▶ [EXERCISE DIRECTIONS]: Pictures aside, repeat the listing below exactly.

▶ [COLLECTED DATA]:
*-*-*
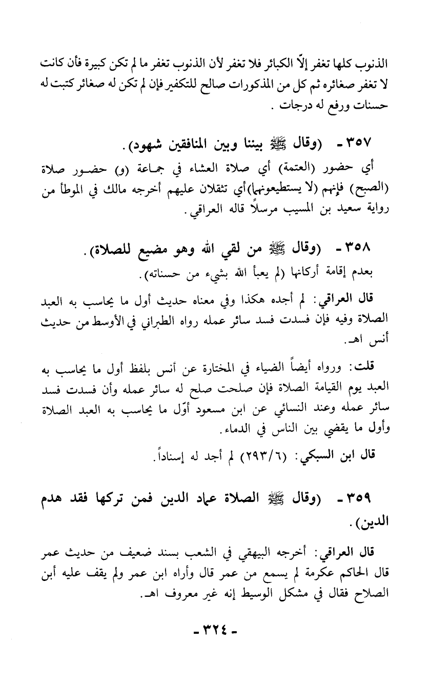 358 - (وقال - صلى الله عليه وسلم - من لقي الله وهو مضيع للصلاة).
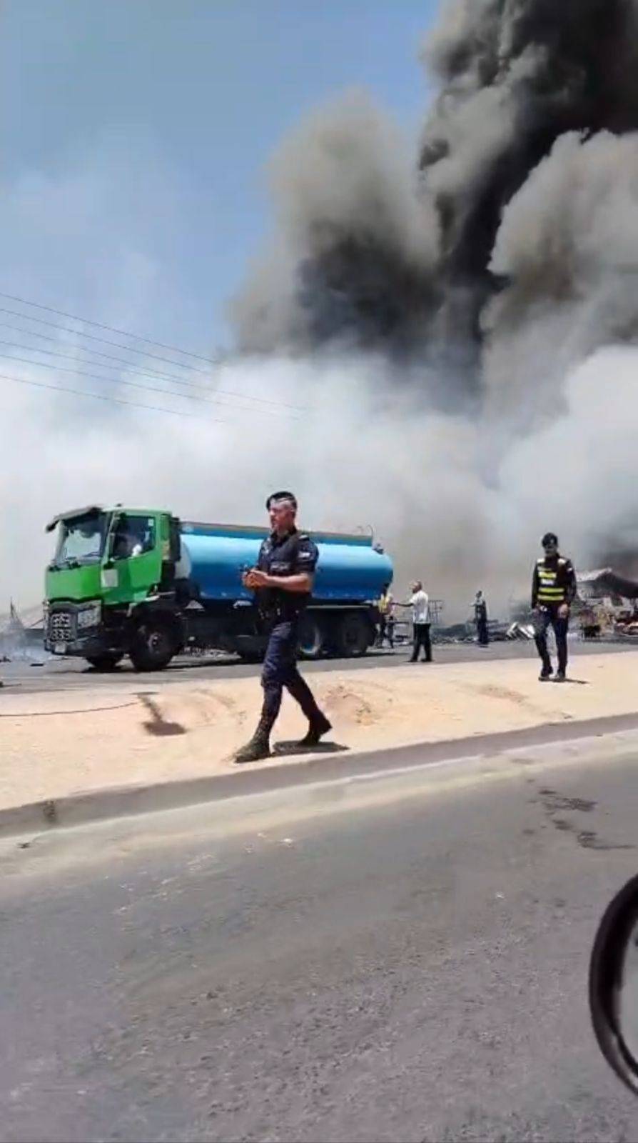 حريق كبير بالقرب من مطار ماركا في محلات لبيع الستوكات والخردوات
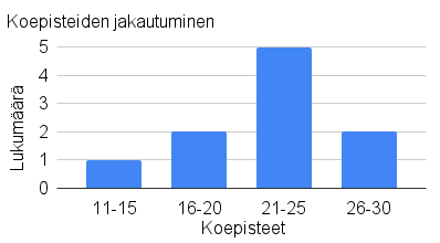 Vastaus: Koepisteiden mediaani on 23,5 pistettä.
*-*-*
▶ [SOLUTION TO THE EXERCISE]:
 358 - (وقال - صلى الله عليه وسلم - من لقي الله وهو مضيع للصلاة).
 حريق كبير بالقرب من مطار ماركا في محلات لبيع الستوكات والخردوات
 Vastaus: Koepisteiden mediaani on 23,5 pistettä.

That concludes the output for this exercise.